■ **REQUIRED WORK**
Copied exactly and without pictures, the lines from the beginning of the entries through the one that holds "Retro vibes de" should form the entire reply.

■ **MATERIAL PROVIDED**
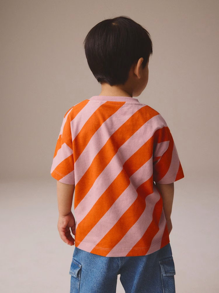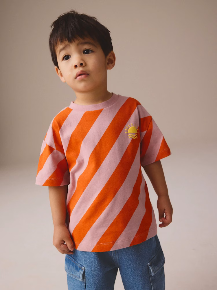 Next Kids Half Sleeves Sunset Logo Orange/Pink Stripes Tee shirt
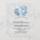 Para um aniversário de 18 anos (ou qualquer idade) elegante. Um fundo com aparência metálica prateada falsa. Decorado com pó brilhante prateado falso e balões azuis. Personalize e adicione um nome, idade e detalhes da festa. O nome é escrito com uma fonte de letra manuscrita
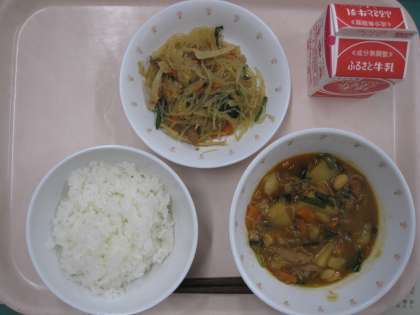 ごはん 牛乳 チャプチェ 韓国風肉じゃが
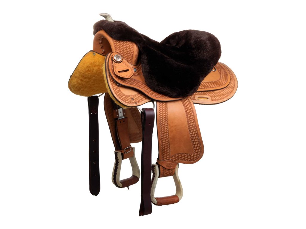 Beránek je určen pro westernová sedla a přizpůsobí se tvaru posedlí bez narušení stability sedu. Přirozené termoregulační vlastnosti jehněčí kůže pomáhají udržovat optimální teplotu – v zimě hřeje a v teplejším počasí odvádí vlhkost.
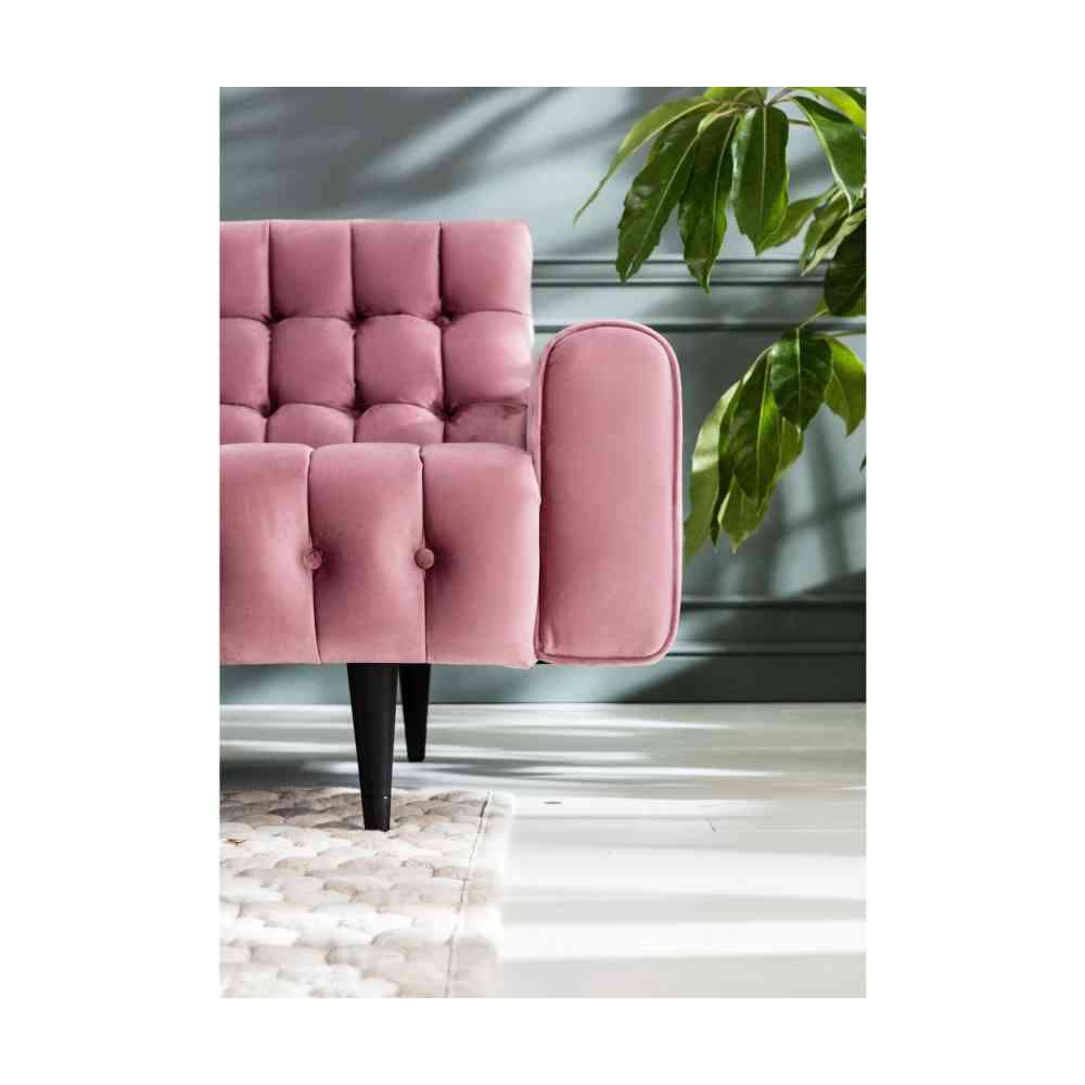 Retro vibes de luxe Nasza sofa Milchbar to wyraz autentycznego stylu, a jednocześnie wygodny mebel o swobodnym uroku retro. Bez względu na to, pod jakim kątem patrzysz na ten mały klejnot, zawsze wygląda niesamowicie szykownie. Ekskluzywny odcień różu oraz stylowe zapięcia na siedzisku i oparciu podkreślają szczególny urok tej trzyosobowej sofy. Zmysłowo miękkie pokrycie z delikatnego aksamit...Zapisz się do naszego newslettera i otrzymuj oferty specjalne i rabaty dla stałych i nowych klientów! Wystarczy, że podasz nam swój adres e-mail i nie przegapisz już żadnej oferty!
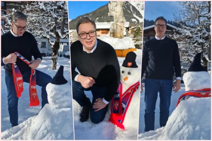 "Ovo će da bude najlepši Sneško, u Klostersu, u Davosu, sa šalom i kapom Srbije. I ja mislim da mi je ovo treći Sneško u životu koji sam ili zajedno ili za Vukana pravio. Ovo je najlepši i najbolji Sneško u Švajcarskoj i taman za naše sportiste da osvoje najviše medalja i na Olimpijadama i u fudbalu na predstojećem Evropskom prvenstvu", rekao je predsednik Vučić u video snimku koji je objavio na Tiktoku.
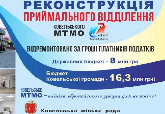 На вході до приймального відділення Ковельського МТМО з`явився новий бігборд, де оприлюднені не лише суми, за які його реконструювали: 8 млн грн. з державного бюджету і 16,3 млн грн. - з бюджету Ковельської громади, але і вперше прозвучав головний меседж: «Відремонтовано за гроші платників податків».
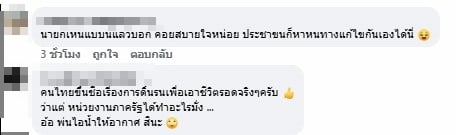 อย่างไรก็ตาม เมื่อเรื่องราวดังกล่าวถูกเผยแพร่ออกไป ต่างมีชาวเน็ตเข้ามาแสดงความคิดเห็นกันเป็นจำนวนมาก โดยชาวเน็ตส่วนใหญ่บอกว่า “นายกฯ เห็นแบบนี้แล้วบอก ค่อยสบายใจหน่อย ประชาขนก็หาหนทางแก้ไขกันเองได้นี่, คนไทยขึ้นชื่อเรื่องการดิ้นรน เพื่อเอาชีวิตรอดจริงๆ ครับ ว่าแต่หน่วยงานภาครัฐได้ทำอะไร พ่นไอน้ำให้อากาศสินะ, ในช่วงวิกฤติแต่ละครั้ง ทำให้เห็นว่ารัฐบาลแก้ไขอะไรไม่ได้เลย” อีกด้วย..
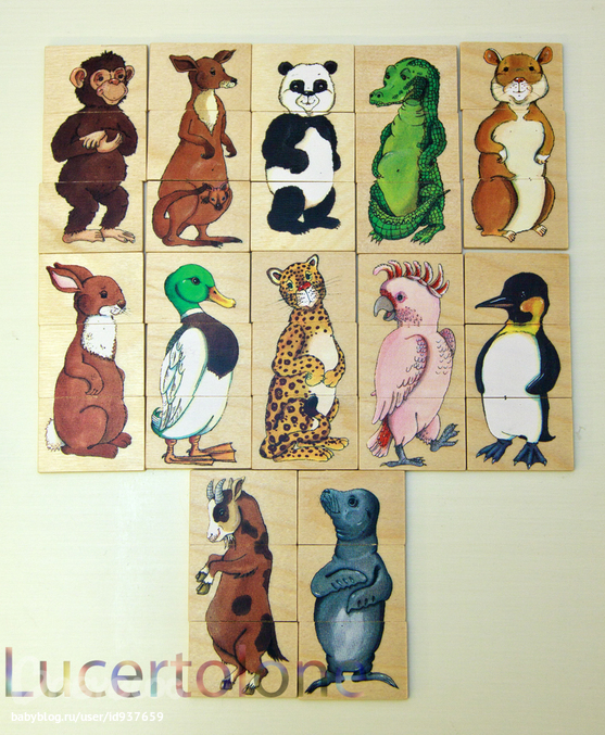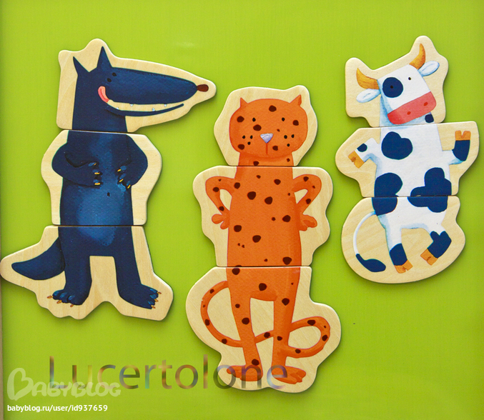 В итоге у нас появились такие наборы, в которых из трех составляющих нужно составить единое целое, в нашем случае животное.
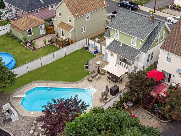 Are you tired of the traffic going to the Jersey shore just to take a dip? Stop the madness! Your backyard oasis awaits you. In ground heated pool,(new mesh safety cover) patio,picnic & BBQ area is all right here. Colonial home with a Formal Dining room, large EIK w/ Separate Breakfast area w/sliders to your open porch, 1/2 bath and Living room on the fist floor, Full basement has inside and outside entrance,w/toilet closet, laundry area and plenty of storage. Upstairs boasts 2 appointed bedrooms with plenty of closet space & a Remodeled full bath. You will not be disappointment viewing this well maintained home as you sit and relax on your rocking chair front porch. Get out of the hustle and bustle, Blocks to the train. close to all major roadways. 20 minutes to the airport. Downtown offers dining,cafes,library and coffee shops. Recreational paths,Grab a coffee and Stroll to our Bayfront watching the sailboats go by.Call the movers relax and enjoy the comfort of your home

■ **EXPECTED ANSWER**
 Next Kids Half Sleeves Sunset Logo Orange/Pink Stripes Tee shirt
 Para um aniversário de 18 anos (ou qualquer idade) elegante. Um fundo com aparência metálica prateada falsa. Decorado com pó brilhante prateado falso e balões azuis. Personalize e adicione um nome, idade e detalhes da festa. O nome é escrito com uma fonte de letra manuscrita
 ごはん 牛乳 チャプチェ 韓国風肉じゃが
 Beránek je určen pro westernová sedla a přizpůsobí se tvaru posedlí bez narušení stability sedu. Přirozené termoregulační vlastnosti jehněčí kůže pomáhají udržovat optimální teplotu – v zimě hřeje a v teplejším počasí odvádí vlhkost.
 Retro vibes de luxe Nasza sofa Milchbar to wyraz autentycznego stylu, a jednocześnie wygodny mebel o swobodnym uroku retro. Bez względu na to, pod jakim kątem patrzysz na ten mały klejnot, zawsze wygląda niesamowicie szykownie. Ekskluzywny odcień różu oraz stylowe zapięcia na siedzisku i oparciu podkreślają szczególny urok tej trzyosobowej sofy. Zmysłowo miękkie pokrycie z delikatnego aksamit...Zapisz się do naszego newslettera i otrzymuj oferty specjalne i rabaty dla stałych i nowych klientów! Wystarczy, że podasz nam swój adres e-mail i nie przegapisz już żadnej oferty!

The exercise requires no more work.